**Exercise requirements**
Leaving out every picture, copy the lines of the data exactly, from the first through the line containing "Nom du produit:Chargeur".

**Source data**
━━━━━━━━━━━━━━━━━━━━

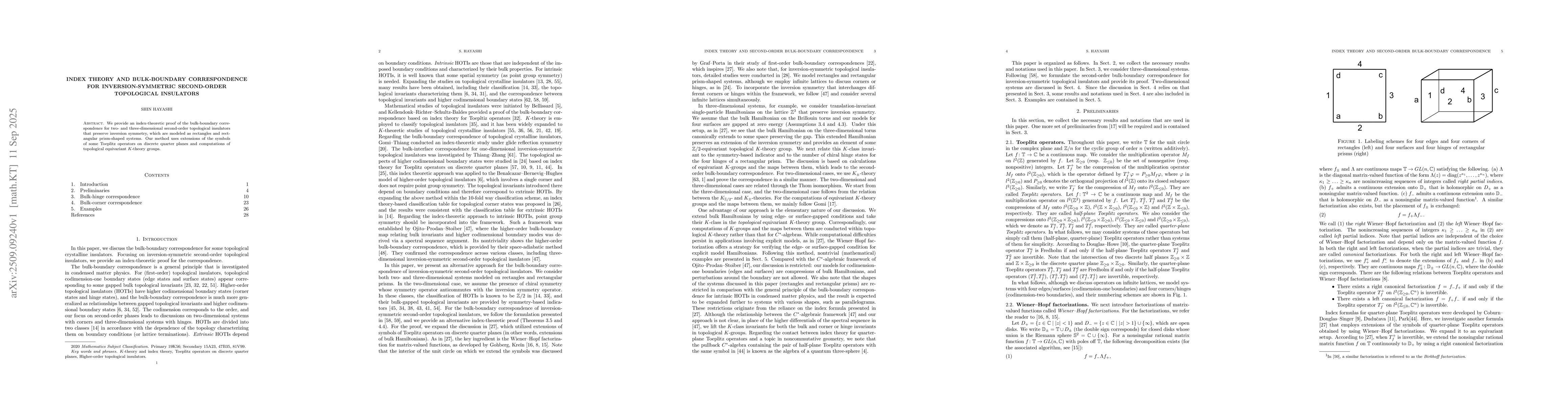 We provide an index-theoretic proof of the bulk-boundary correspondence for two- and three-dimensional second-order topological insulators that preserve inversion symmetry, which are modeled as rectangles and rectangular prism-shaped systems. Our method uses extensions of the symbols of some Toeplitz operators on discrete quarter planes and computations of topological equivariant K-theory groups.
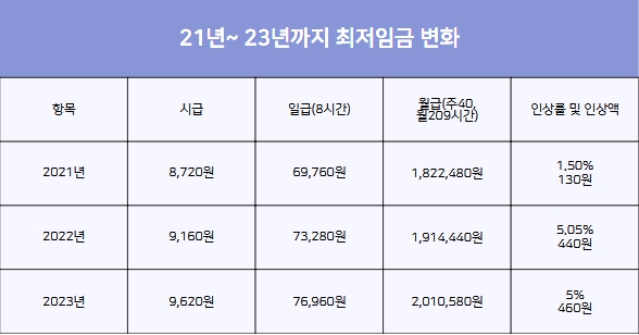 지난 2021년부터 올 2023년까지의 최저임금 변동사항입니다.
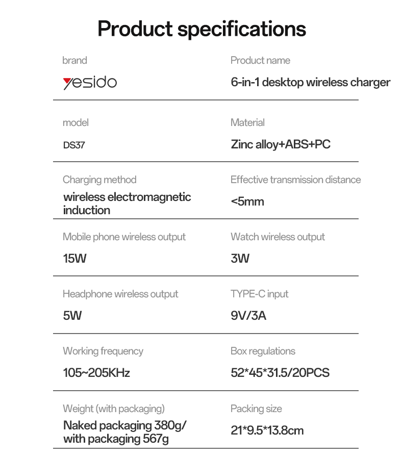 Nom du produit:Chargeur sans fil de bureau 6-en-1
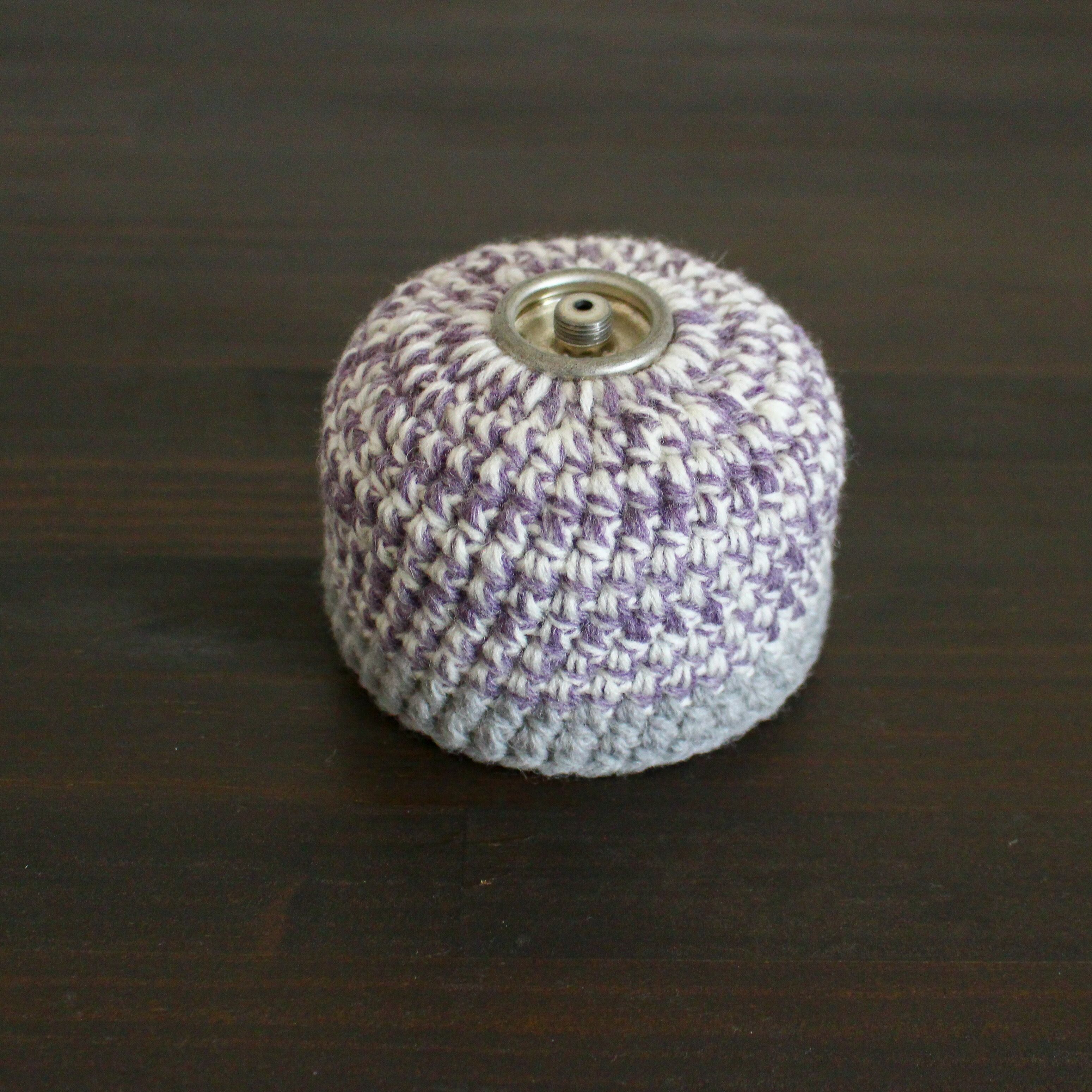 手編みのガス缶カバーでキャンプや山登りの山ごはんに彩りを

━━━━━━━━━━━━━━━━━━━━

**Solution for this problem**
 We provide an index-theoretic proof of the bulk-boundary correspondence for two- and three-dimensional second-order topological insulators that preserve inversion symmetry, which are modeled as rectangles and rectangular prism-shaped systems. Our method uses extensions of the symbols of some Toeplitz operators on discrete quarter planes and computations of topological equivariant K-theory groups.
 지난 2021년부터 올 2023년까지의 최저임금 변동사항입니다.
 Nom du produit:Chargeur sans fil de bureau 6-en-1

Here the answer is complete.